I'd also like to comment on our enterprise growth strategy. A key pillar of this strategy is to partner with our customers to deliver superior service and products with a focus on enhancing their productivity and sustainability. In the second quarter, we continued to make advancements and earned several new customer wins. I'm excited about the opportunities we have ahead of us to win more customer value-driven business and grow our organic sales.
Now, some quick updates about our important ESG initiatives. As we communicated in our 2022 ESG report, we've introduced 2030 greenhouse gas emissions reduction targets that have now been validated according to climate science through the Science Based Targets initiative. We plan to reduce our scope 1 and scope 2 absolute greenhouse gas emissions by 50% by 2030 and our scope 3 greenhouse gas emissions by 30% within the same timeframe.
Moving to our outlook, we expect global industrial production to remain at lower levels in the third quarter, including similar demand activity in Europe, some further slowing in the US, and modest sequential improvement in China. We do expect certain pockets of industry activity to remain more resilient, including aerospace and automotive industries, where we are well positioned on a global basis. In addition, we expect economic activity in Mexico to remain solid.
In our architectural businesses, we expect demand conditions to be mixed by geography. In Europe, we anticipate demand will stabilize at current levels, resulting in year-over-year sales volume being much closer to the prior year. In the US, we anticipate DIY demand to remain at lower levels and pro contractor residential repaint activity to begin to modestly decline sequentially with the backdrop of lower existing home sales. Finally, in Mexico, we expect our PPG Comex business to continue to post solid organic growth.
In the third quarter, we expect to realize additional benefits from moderating cost inputs. At the peak of our supply disruptions, we had more than 160 force majeures in our global supply chain. That is now about 10, which is in line with our historical norms. To date, we have not yet recognized the full financial benefit of our commodity supply chain normalizing. From a financial realization perspective, through the end of June, our input costs were still 20% higher than the pre-pandemic levels. As we further reduce our inventories, we will realize additional earnings benefit.

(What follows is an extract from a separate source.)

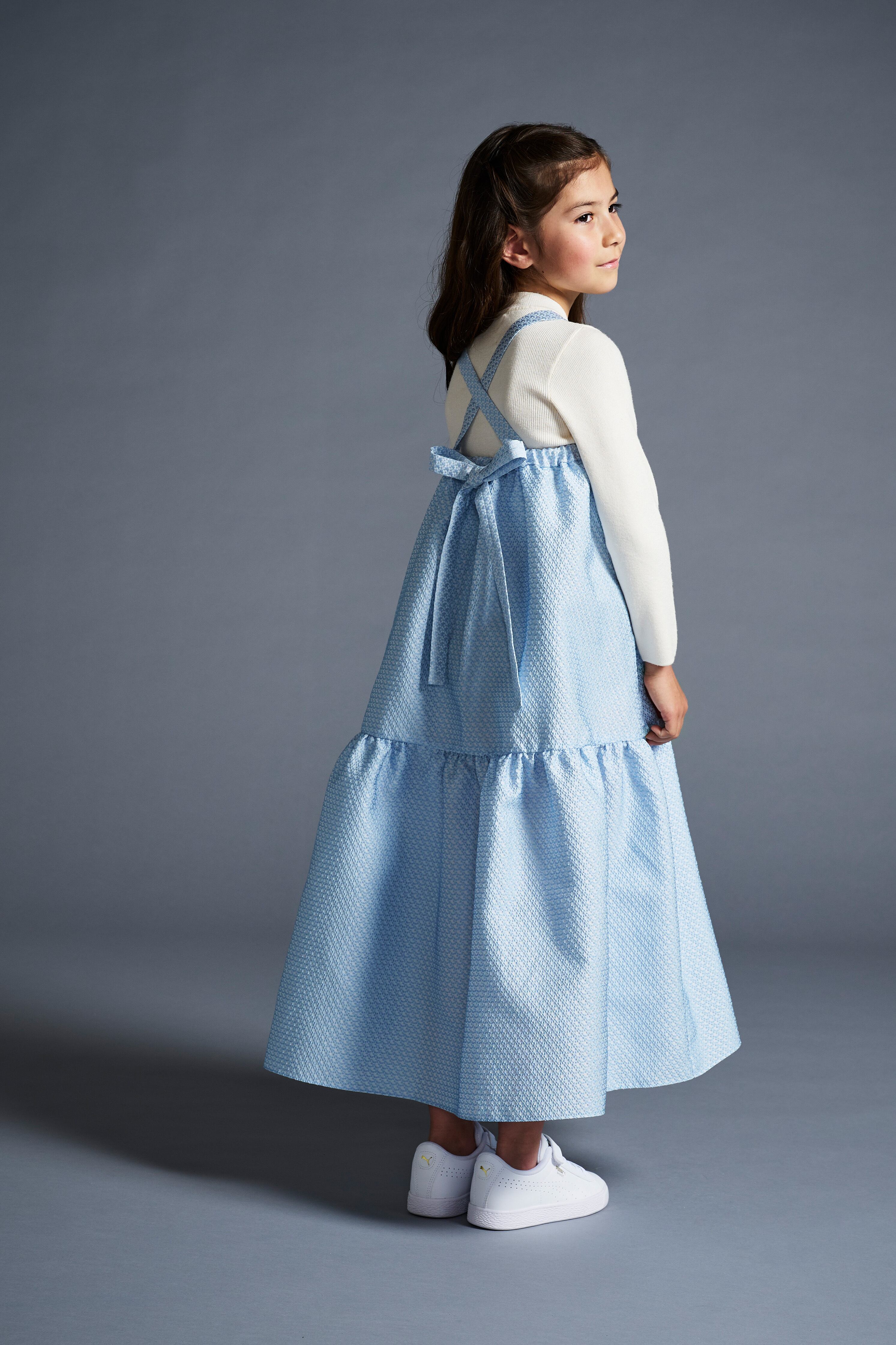 ジャガードはジプソフィル柄。無地のようなスタイリングのしやすい、小花柄ジャガードに。繊細な光沢感があり、甘くなりすぎないドライタッチのハリ感はモード感がありながらシックな印象に。シルエットは定番のクリノリンスカートを用いており、今季は7cm長くなりなりました。

We continue to work on our previously-announced restructuring initiatives and expect an incremental $15 million year-over-year earnings benefit in the third quarter. Additionally, we will benefit from the recent paint [Phonetic] film acquisition that we made in the second quarter. This business is uniquely positioned in the premium end of this new emerging market and has good customer pull and future growth prospects. Annual sales of this business are about $100 million.

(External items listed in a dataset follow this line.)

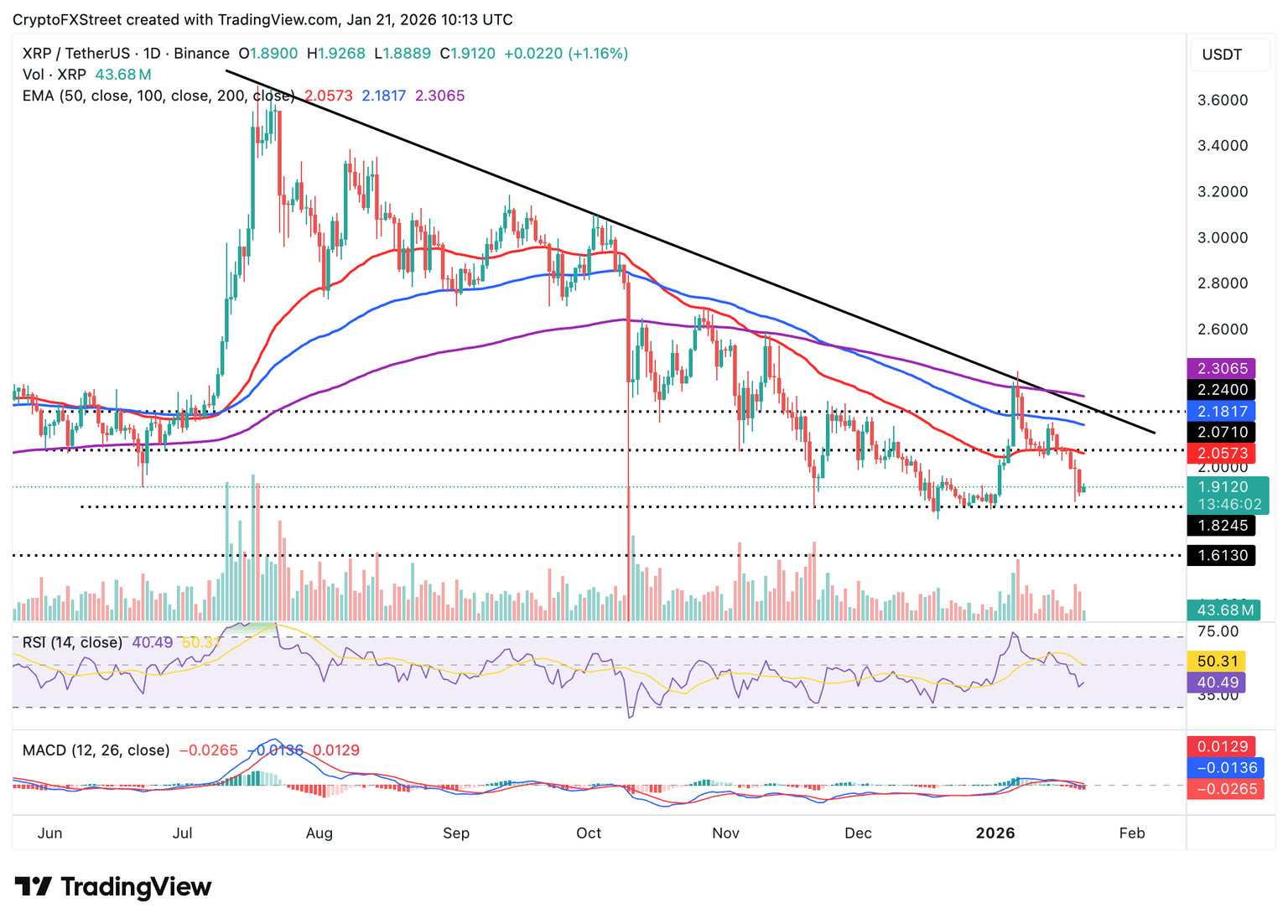 El indicador MACD confirma la perspectiva bajista general, ya que se mantiene por debajo de la línea de señal. Sus barras del histograma rojo continúan expandiéndose por debajo de la línea cero, acentuando el potencial a la baja de XRP. Extender la tendencia bajista por debajo de 1.90$ podría desencadenar una venta masiva hasta el mínimo de abril de 1.61$.
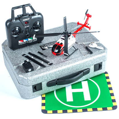 As a homage to important branches of public service, the Hero-Copter arrives out-of-the-box in one of four different pre-painted and pre-trimmed semi-scale versions. The Hero-Copter is also a RTF (Ready-To-Fly) aircraft, so it arrives factory-assembled with everything needed to experience the fun of flying a RC heli - like a 2.4GHz 4-channel transmitter, a USB charger for the included flight battery, and even an extra set of rotor blades. The package doubles as a carry case with handle for safe storage and makes it easy to transport to your local flying site. The only thing you need to add is four AA batteries for the transmitter and you'll be flying a fun scale-like heli in your favorite public service design shortly after opening the box!
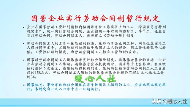 值得注意的是国有固定工人和劳动合同制工人的区别。根据1986年10月国家《国营企业实行劳动合同制暂行规定》,1986年10月以后新入职的人员要实施劳动合同制,缴纳退休养老基金。因此,对于这些固定工人一般都是1986年10月以前入职的人员。
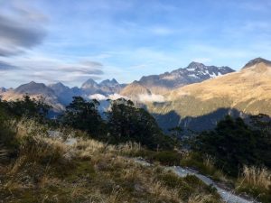 Wanaka is a lovely town, perhaps a little sleepy, but it is surrounded by beautiful mountains. Which one were we going to climb? I had originally thought we might climb Roy’s Peak but had been put off it by someone who knows the area well. He had recommended the Rob Roy Track as the best walk in the area, but, if I am honest, having done a little research, I was not convinced. It meant driving on unmade roads and across rivers, and I was not keen to take my hired bus. Had I done my research a little more thoroughly, I would have discovered that there is a bus service to take and collect you from the walk.

Despite the challenging environment, we have raised our full-year earnings guidance and expects thirds quarter aggregated segment margins will be higher on a year-over-year basis for the fourth consecutive quarter.
Finally, I want to thank our team members around the world who support our customers, serve our communities and continually look for ways to do better today than yesterday, every day. It is their dedication and commitment to helping make our customers successful that gives me continued confidence in our future. As we mark PPG's 140th anniversary in August, I firmly believe that our best days still remain ahead of us. Thank you for your continued confidence in PPG.
This concludes our prepared remarks. And now, would you please open the line for questions?